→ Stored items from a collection
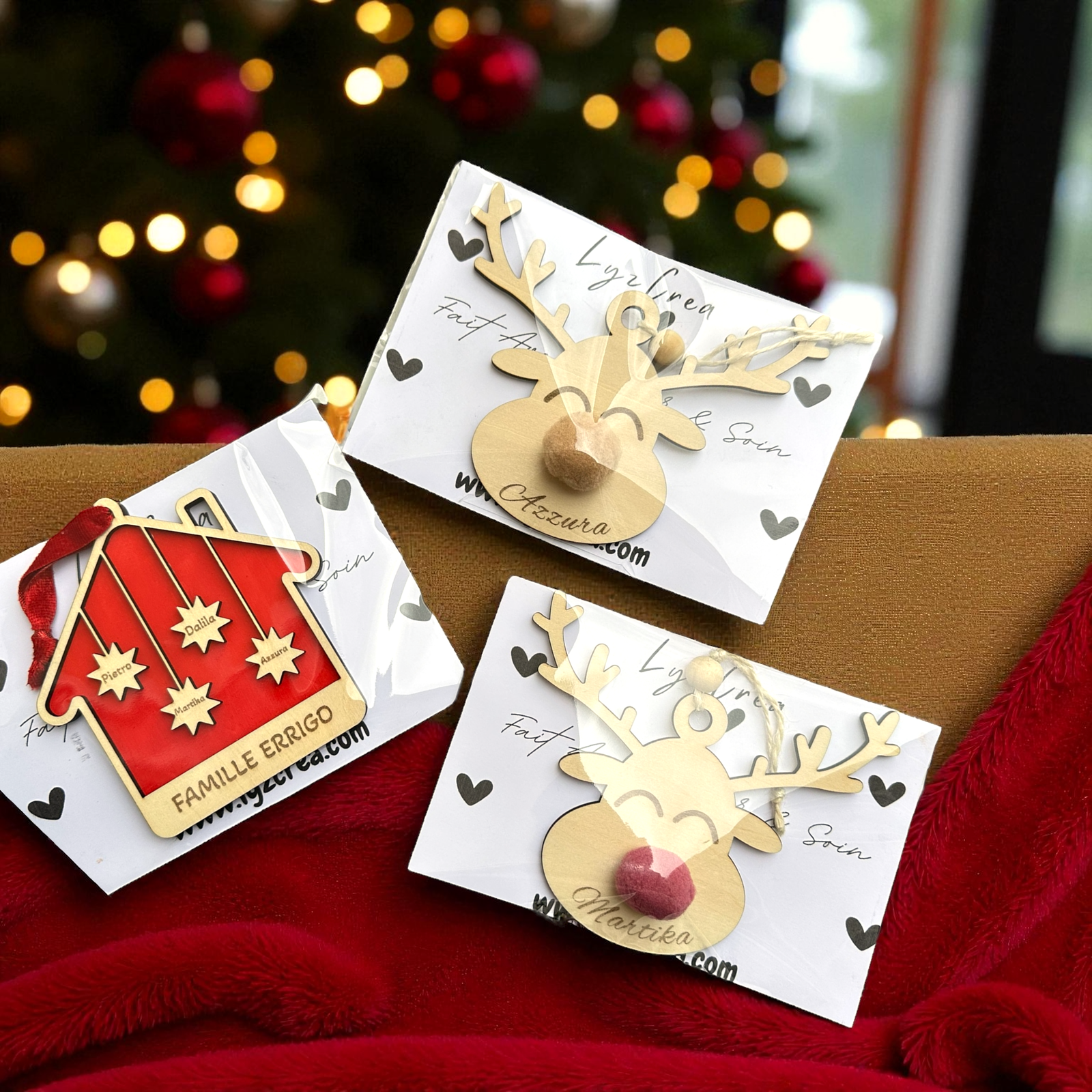 Ce charmant renne en bois personnalisé apportera une touche de douceur et de magie à votre sapin.
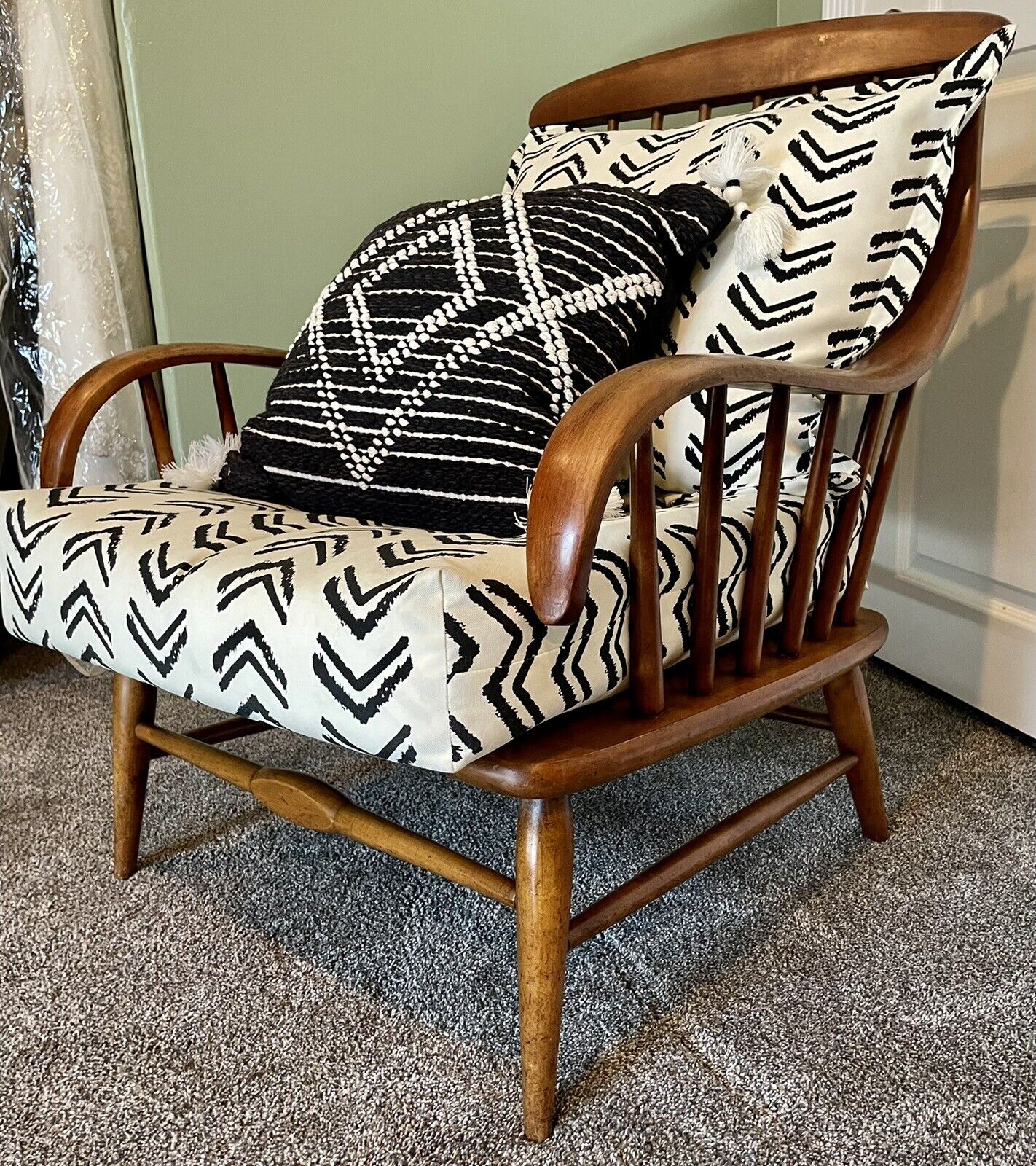 Title (ebay affiliate link): Rare Vintage Heywood Wakefield Mid Century Modern Arm Chair Doeskin Maple Finish
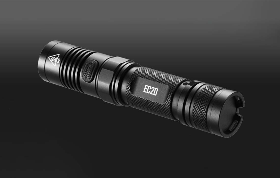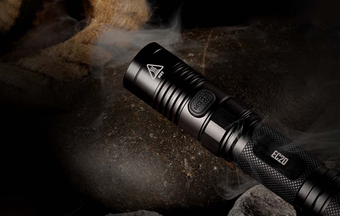 The device was created from aircraft-grade aluminum alloy and finished using a hard anodizing process (HA III military standard). It is extremely durable and resistant to damage. Even a fall from a height of up to 1m will not harm it. The gold-plated contacts are protected from oxidation to maximize performance and extend the life of the flashlight. The EC20 is also IPX8 waterproof. You can immerse it up to 2m without worry.
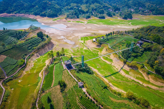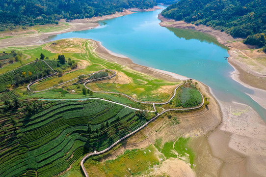 西茶谷主题公园与响洪甸水库相连,仿佛一处有山有水的一个小江南 ,一层层茶树种在凹凸有致的小山丘上,与周边的湖光山色构成一幅天然画卷,难怪总有人说青山绿水出好茶,原来优雅的环境也会让茶叶变的好喝。
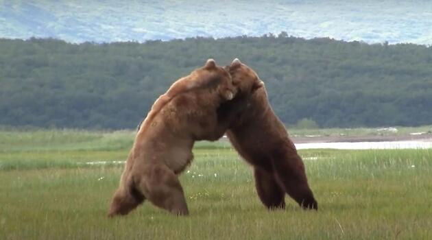 Косолапые самцы, не поделив медведицу, устроили разборку на глазах у туриста на Аляске
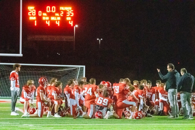 Cony drove the ball downfield on its next possession, but stalled at the Falmouth 45 after Rams quarterback Dom Napolitano fired a pair of incompletions intended for Kam Douin. Falmouth took over from there and ran out the clock, highlighted by Caxton-Smith’s 24-yard completion to Peyton Mitchell — who had missed the last several weeks with an injury — on 4th-and-5 from Cony’s 40.
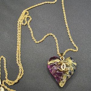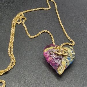 Make a bold statement with this eye-catching heart pendant necklace ✨ Featuring a glossy, multicolor resin heart with a marbled blend of pink, purple, blue, and gold tones. The pendant is accented with a gold-tone heart emblem and paired with a classic rope-style chain for a luxe finish.
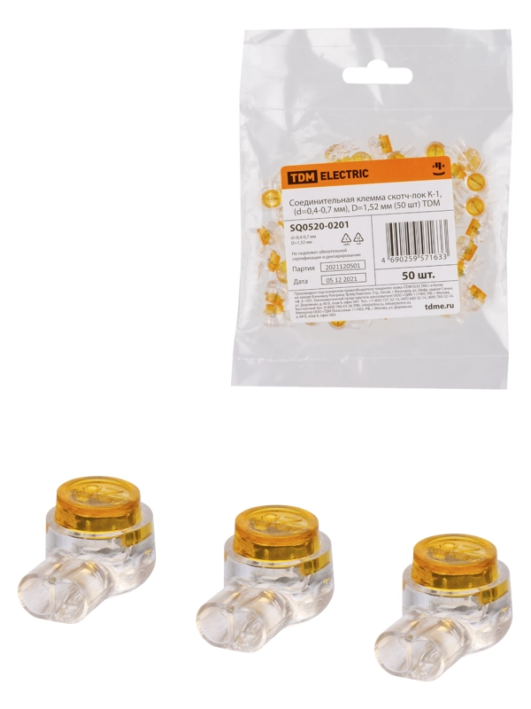 Соединительная клемма скотч-лок К-1, (d=0,4-0,7 мм), D=1,52 мм (50 шт) TDM
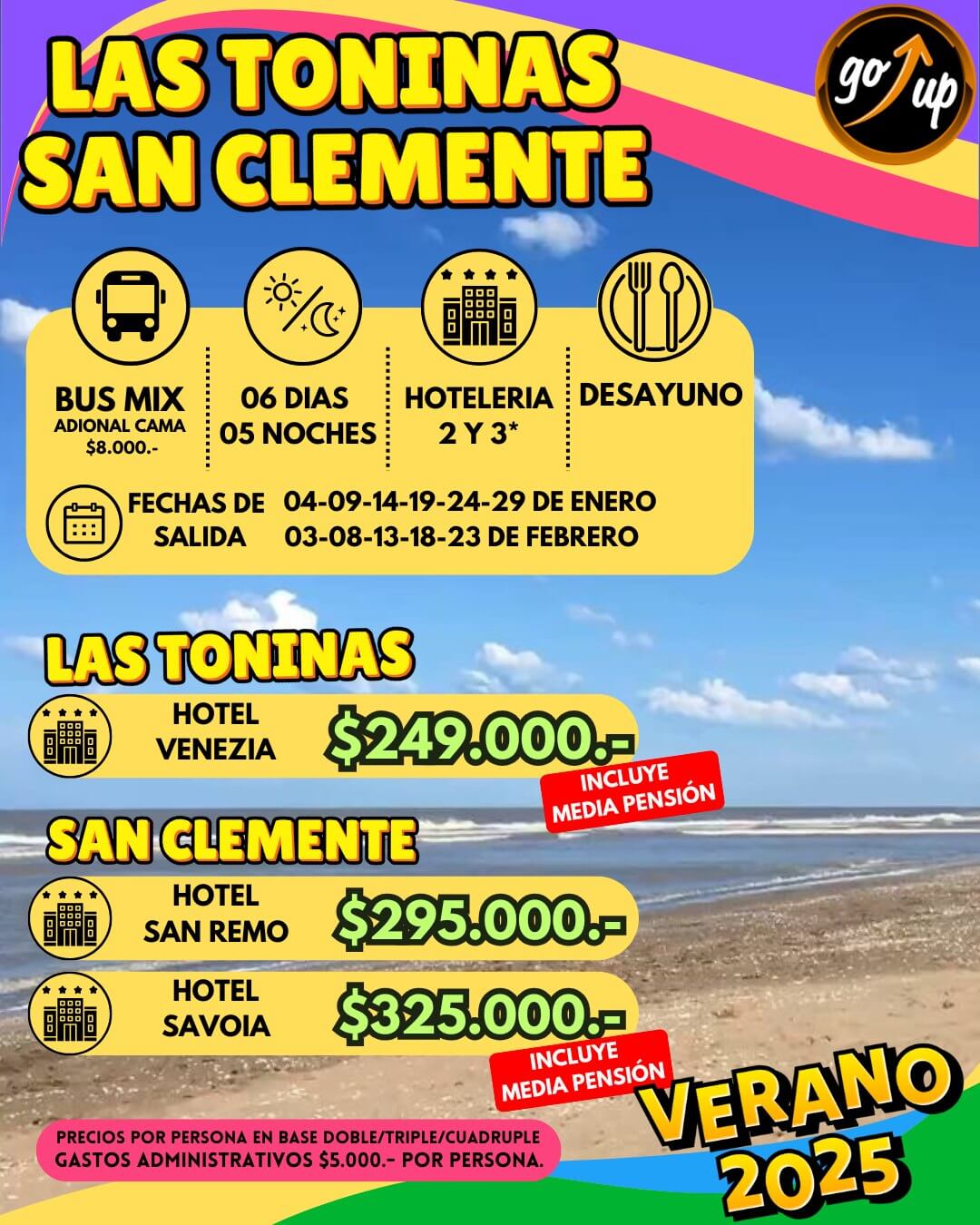 Reserve con Turismo GoUp y descubra destinos emocionantes de playas, ríos, sierras y montañas.
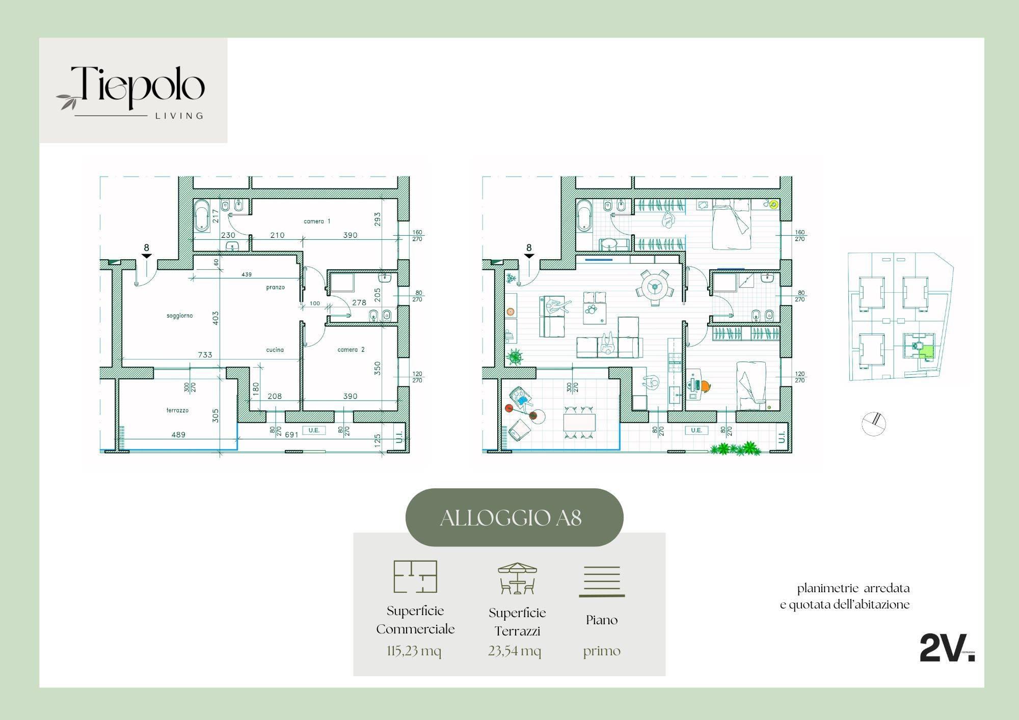 Tiepolo Living, appartamento A/8: tre locali con doppi servizi e terrazzo.
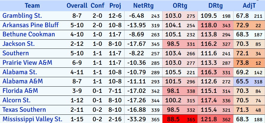 The bottom of the standings remains competitive despite recent struggles. Florida A&M has lost four straight games but has played only once in conference action, narrowly falling at Bethune-Cookman. The Rattlers haven’t played at home since December 17th, their last win, yet still improved their KenPom rating. Alcorn State, now on a five-game skid, also hasn’t played a home game but moved from 346th to 344th while shooting over 50 percent from three in a close loss at Jackson State.
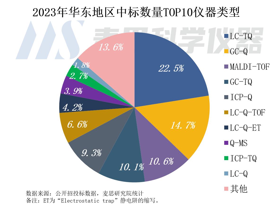 2023年華東地區(qū)中標數(shù)量Top10儀器類型分別為LC-TQ、GC-Q、MALDI-TOF、GC-TQ、ICP-Q、LC-Q-TOF、LC-Q-ET、Q-MS、ICP-TQ和LC-Q,合計中標數(shù)量占比86.4%。
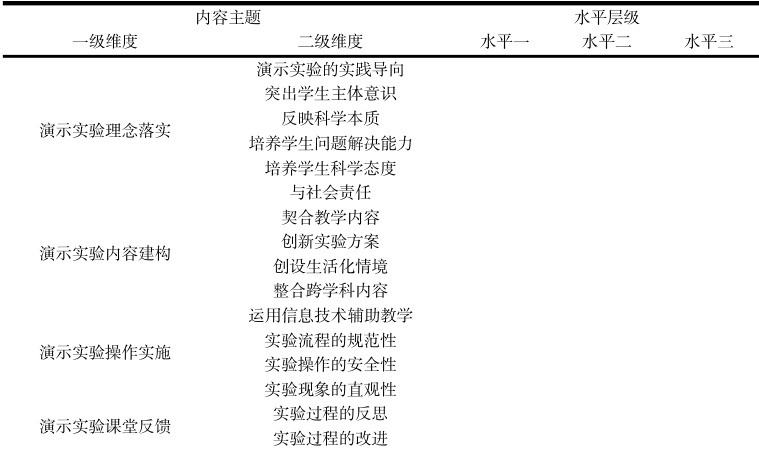 经过对已有相关文献的理论探讨,研究确定了包含“演示实验理念落实”“演示实验内容构建”“演示实验操作实施”“演示实验分析与评估”四个一级维度、十五个二级维度演示实验教学行为的分析框架,并给出不同指标不同水平的分级标准,在此基础上生成演示实验教学行为 × 水平层级的一致性分析框架,如表1 所示。
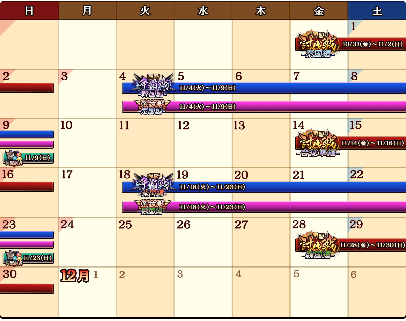 11月の同盟討伐戦・同盟争覇戦・同盟試練スケジュールを公開いたします。
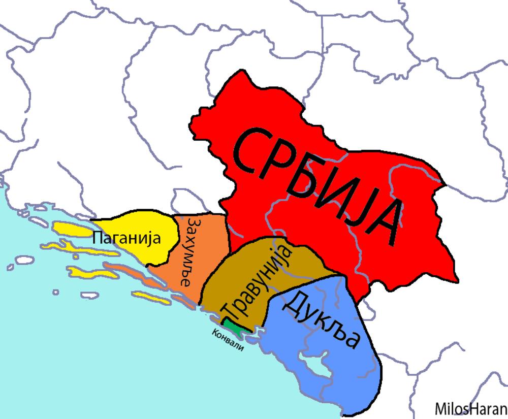 Granice Srbije, u kojoj je vladao staroverni Svevlad, kaže se da je bila locirana u predelu između tokova Pive, Tare, Lima, Ibra, Zapadne Morave i Drine, a njen geopolitički centar bio je između Pive, Tare i Lima. Međutim, država je u početku obuhvatala i teritoriju između južnog toka reke Bosne i reke Drine.

→ What you should do
Repeat the entries faithfully. Any picture gets left out.

→ Written response
 Ce charmant renne en bois personnalisé apportera une touche de douceur et de magie à votre sapin.
 Title (ebay affiliate link): Rare Vintage Heywood Wakefield Mid Century Modern Arm Chair Doeskin Maple Finish
 The device was created from aircraft-grade aluminum alloy and finished using a hard anodizing process (HA III military standard). It is extremely durable and resistant to damage. Even a fall from a height of up to 1m will not harm it. The gold-plated contacts are protected from oxidation to maximize performance and extend the life of the flashlight. The EC20 is also IPX8 waterproof. You can immerse it up to 2m without worry.
 西茶谷主题公园与响洪甸水库相连,仿佛一处有山有水的一个小江南 ,一层层茶树种在凹凸有致的小山丘上,与周边的湖光山色构成一幅天然画卷,难怪总有人说青山绿水出好茶,原来优雅的环境也会让茶叶变的好喝。
 Косолапые самцы, не поделив медведицу, устроили разборку на глазах у туриста на Аляске
 Cony drove the ball downfield on its next possession, but stalled at the Falmouth 45 after Rams quarterback Dom Napolitano fired a pair of incompletions intended for Kam Douin. Falmouth took over from there and ran out the clock, highlighted by Caxton-Smith’s 24-yard completion to Peyton Mitchell — who had missed the last several weeks with an injury — on 4th-and-5 from Cony’s 40.
 Make a bold statement with this eye-catching heart pendant necklace ✨ Featuring a glossy, multicolor resin heart with a marbled blend of pink, purple, blue, and gold tones. The pendant is accented with a gold-tone heart emblem and paired with a classic rope-style chain for a luxe finish.
 Соединительная клемма скотч-лок К-1, (d=0,4-0,7 мм), D=1,52 мм (50 шт) TDM
 Reserve con Turismo GoUp y descubra destinos emocionantes de playas, ríos, sierras y montañas.
 Tiepolo Living, appartamento A/8: tre locali con doppi servizi e terrazzo.
 The bottom of the standings remains competitive despite recent struggles. Florida A&M has lost four straight games but has played only once in conference action, narrowly falling at Bethune-Cookman. The Rattlers haven’t played at home since December 17th, their last win, yet still improved their KenPom rating. Alcorn State, now on a five-game skid, also hasn’t played a home game but moved from 346th to 344th while shooting over 50 percent from three in a close loss at Jackson State.
 2023年華東地區(qū)中標數(shù)量Top10儀器類型分別為LC-TQ、GC-Q、MALDI-TOF、GC-TQ、ICP-Q、LC-Q-TOF、LC-Q-ET、Q-MS、ICP-TQ和LC-Q,合計中標數(shù)量占比86.4%。
 经过对已有相关文献的理论探讨,研究确定了包含“演示实验理念落实”“演示实验内容构建”“演示实验操作实施”“演示实验分析与评估”四个一级维度、十五个二级维度演示实验教学行为的分析框架,并给出不同指标不同水平的分级标准,在此基础上生成演示实验教学行为 × 水平层级的一致性分析框架,如表1 所示。
 11月の同盟討伐戦・同盟争覇戦・同盟試練スケジュールを公開いたします。
 Granice Srbije, u kojoj je vladao staroverni Svevlad, kaže se da je bila locirana u predelu između tokova Pive, Tare, Lima, Ibra, Zapadne Morave i Drine, a njen geopolitički centar bio je između Pive, Tare i Lima. Međutim, država je u početku obuhvatala i teritoriju između južnog toka reke Bosne i reke Drine.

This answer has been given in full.